Having a plan and sticking to it will help keep you from getting depressed. And watch a bunch of snowboard movies to keep the stoke high.

Good Luck Bro!!!


----------



## DoubleA (Apr 30, 2014)

If only my physio were so optimistic! 

I'm a tough sob. It took a lot for me to cancel out. These arms are my money makers.

When I first checked it out with my left hand it was pretty obvious something was fucked, at that point I was hoping for a dislocation. 
As it stands I may need surgery to reconnect the a-c joint. The way its hanging it may not approximate on its own. Waiting on the ortho appointment and the call.


SOLID advice.
Luckily I already had a great sport physio to go to, helped me out before. It'll be a month doing passive range of motion before a)surgery and starting all over, or b) active motion and starting to build strength.


----------



## WasabiCanuck (Apr 29, 2015)

DoubleA said:


> If only my physio were so optimistic!
> 
> I'm a tough sob. It took a lot for me to cancel out. These arms are my money makers.
> 
> ...


Oh fuck! That's pretty much the worst case scenario. Sorry to hear that. You will be on the shelf for awhile. Still, it will heal and you can get it strong again. Stay positive. Could be worse, it could be your knee.


----------



## chomps1211 (Mar 30, 2011)

Vibs man!! Missin' out on the stoke due to injury,..? 

Totally Sucks












>


----------



## DoubleA (Apr 30, 2014)

Don't get me wrong. Landed on my head and shoulder first so my head/neck got hit just as hard as the shoulder. Could've been much much worse and I know how lucky I was in that respect. Thank my lucky stars.
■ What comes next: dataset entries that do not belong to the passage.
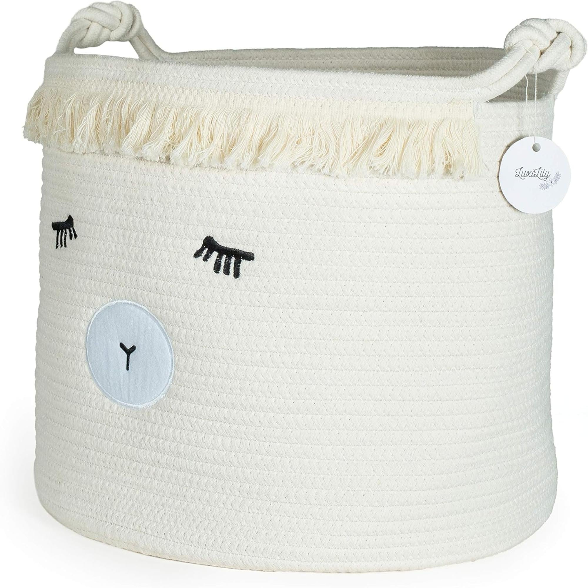 Woven Cotton Rope Baby Basket with Lamb Design 16 × 13 in Nursery Storage Bin and Toy Blanket Organizer
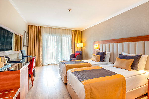 - Chambre standard vue mer (32 m²): mêmes équipements, balcon vue mer. Capacité maximum : 3 adultes (+ lit d'appoint).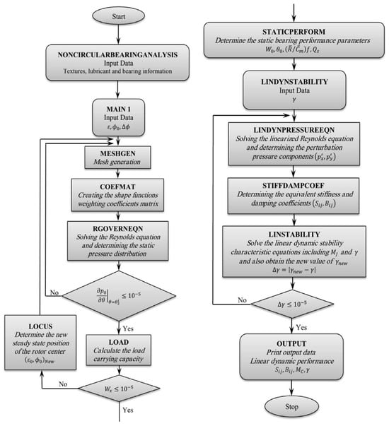 Within this analytical framework, and characterize the rotor center’s oscillatory displacements along coordinate directions referenced to its equilibrium position, with and quantifying their respective magnitudes. The operator Re extracts the real component of complex expressions, where j signifies the imaginary unit (). The parameter γ, known as the whirl frequency ratio, describes the relationship between the angular velocity of the perturbation motion of the shaft center around the static equilibrium point and the rotor’s spin velocity (ω). The dynamic pressure fields across the solution domain are obtained through Equation (11), derived by applying partial differentiation to the nondimensional Reynolds equation (Equation 1) with respect to and , followed by evaluation at null perturbation conditions.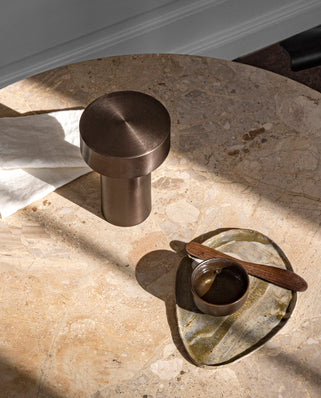 Lampa Column je spojenie modernej technológie a atmosférického dizajnu v kompaktnom, sochárskom tvare. Jej silueta je inšpirovaná tvarom morských polerov, čo jej dodáva jedinečný charakter. Vďaka batériovému napájaniu ponúka úplnú slobodu používania – môžete ju ľahko prenášať a využívať ako doma, tak na terase či v záhrade.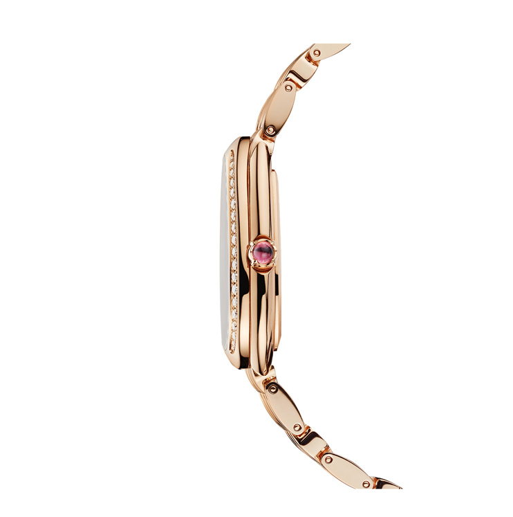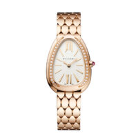 Serpenti Seduttori watch with 33 mm 18kt rose gold case set with round brilliant cut diamonds and 18 kt rose gold crown with a cabochon-cut pink rubellite. White silver opaline dial. 18 kt rose gold bracelet with folding clasp. Quartz movement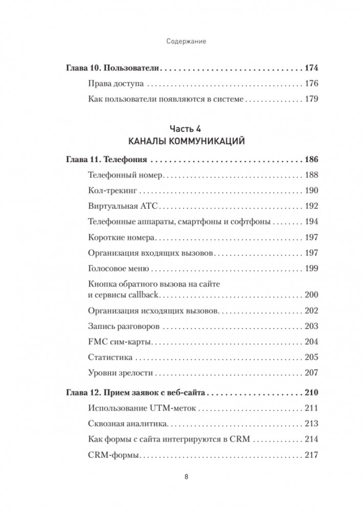 Книга поделена на части, в каждой из которых разбираются вопросы, важные для поэтапной проработки процесса внедрения CRM. Материал сопровождается вопросами для самопроверки, домашними заданиями, благодаря которым можно самостоятельно сделать значительную часть работы по подготовке требований к внедрению. Следование рекомендациям существенно повысит вероятность успеха вашего проекта, сократит количество ошибок, даст ключ к тому, какие вопросы нужно задать интегратору или самостоятельно запустить CRM в своей компании.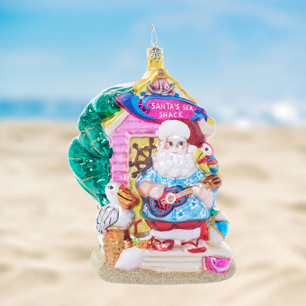 Christopher Radko Santa's Seaside Shack Glass Christmas Ornament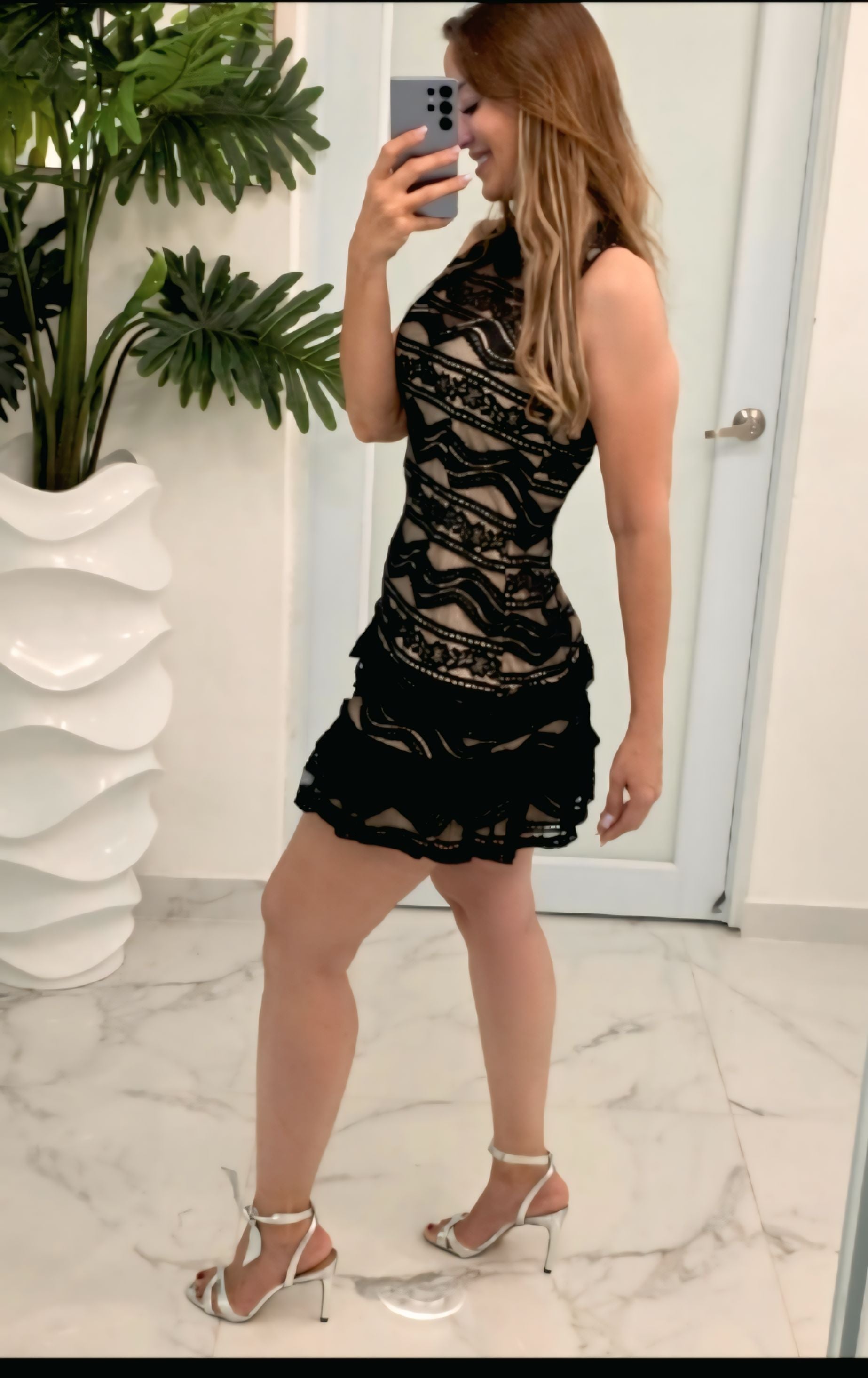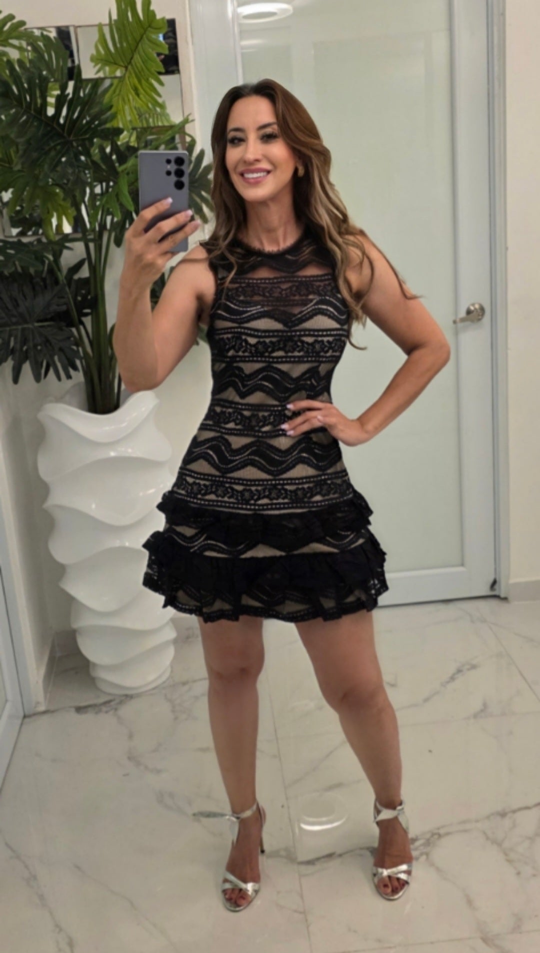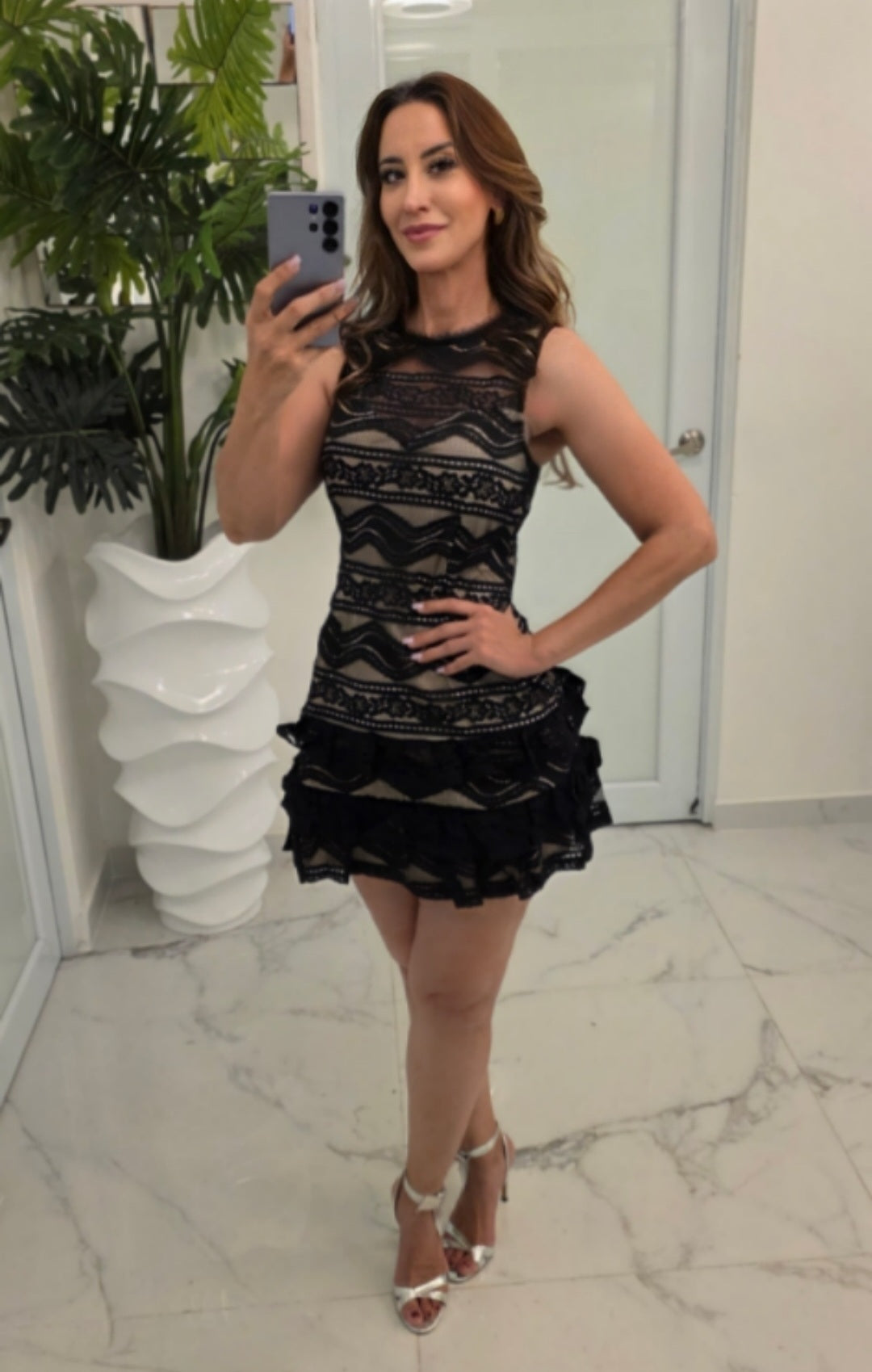 Noir Allure Mini presenta un delicado encaje negro con transparencias sutiles, complementado con forro interior en color piel, creando un efecto visual elegante.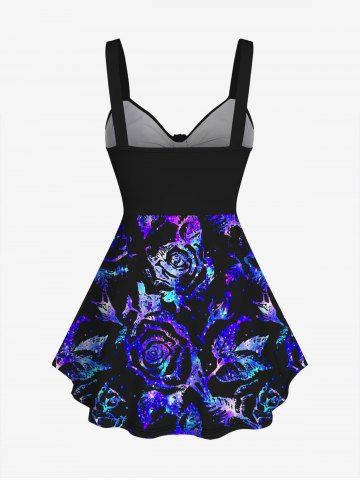 Plus Size Ruched Rose Glitter Print Cinched Tank Top - Concordia - 1x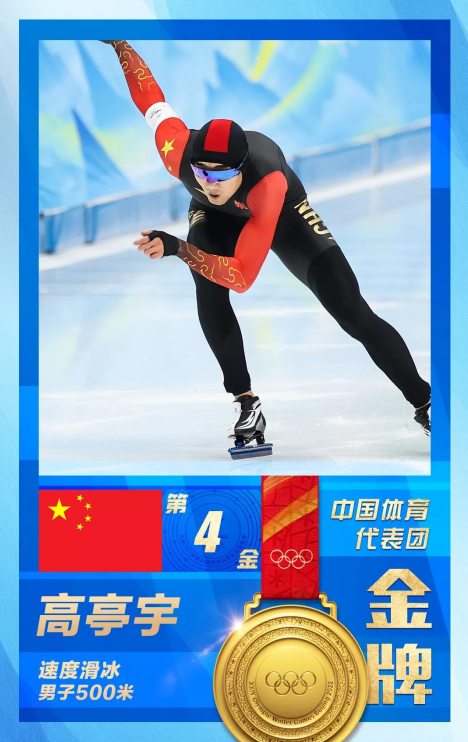 12日下午的“冰絲帶”再度見證了歷史!中國代表團(tuán)開幕式旗手高亭宇亮相速度滑冰男子500米賽場,以34秒32的驕人成績,打破了由挪威選手在2018年平昌冬奧會上創(chuàng)造的34秒41的奧運(yùn)會紀(jì)錄,為中國代表團(tuán)拿下第四金。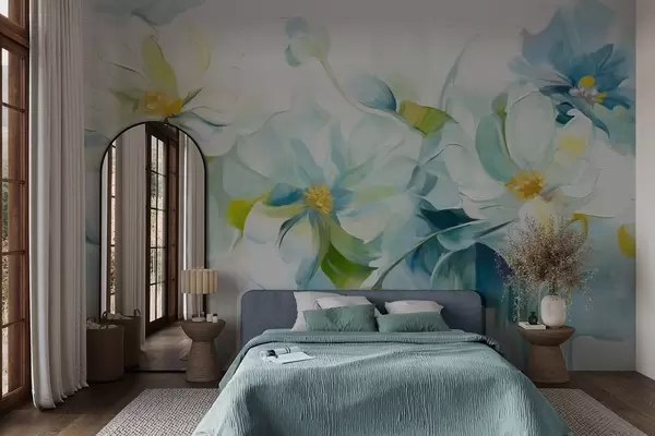 wall murals Abstract white and blue flowers with yellow pistils and green leaves, in a white background, textured painting style w09372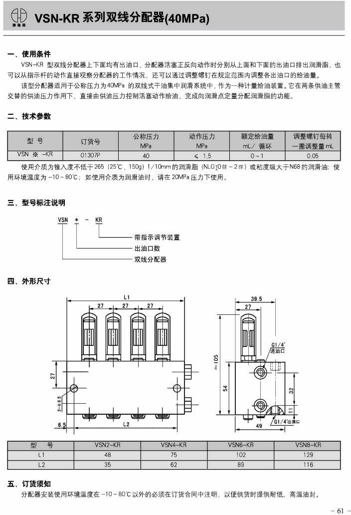 VSL-KR 系列双线分配器(40MPa)

Chomps, much respect man. I don't know your story but I've read enough to know you've had it rough.

No competition. Relatively yes I'll come out ok, stronger even, next year. Right now I've just got to get better to work come spring so there will be a next year.

Still in the slam club, this year is X. 

Thanks to everyone who has posted and posts after. No one can understand the stoke and the loss like you all do, and it helps somehow just to share.
Positive vibes... gotta stay positive.


----------



## t21 (Dec 29, 2010)

Recover and rehab well for next year.


----------



## ridinbend (Aug 2, 2012)

Lifts run at Mt Bachelor until June 1. If you want to do a trip still this season, c'mon out to Bend Oregon. May not be epic pow, but surfy corn is a second best option.


----------



## DoubleA (Apr 30, 2014)

ridinbend said:


> Lifts run at Mt Bachelor until June 1. If you want to do a trip still this season, c'mon out to Bend Oregon. May not be epic pow, but surfy corn is a second best option.


Thats awesome but for a couple things:
-my season ran Jan1 to Apr1, life/work takes the power back after that
-I'm on the wrong coast and in Canada (no snow and exchange poor)

There is the slim chance that I recover faster than anticipated AND it snows here lots and soon. 
If I get to the point where I can get my boots on AND it has snowed enough to create a base for spring conditions- will take whatever I can get.

If and when I make the trek west though I want to be max%.


----------



## speedjason (May 2, 2013)

I didn't separate my shoulder but definitely hit it hard moved bones enough to partially hurt the tendons on the collarbone.
It's been 5 weeks and most discomfort is gone but occasionally I get this dull soreness when moving in certain ways.


----------



## kalev (Dec 17, 2013)

Broke my tib & fib a week ago (and had surgery), so I'm also facing the possibility of a finished season 

Still hoping for the best, but I feel your pain!


----------



## DoubleA (Apr 30, 2014)

kalev said:


> Broke my tib & fib a week ago (and had surgery), so I'm also facing the possibility of a finished season
> 
> Still hoping for the best, but I feel your pain!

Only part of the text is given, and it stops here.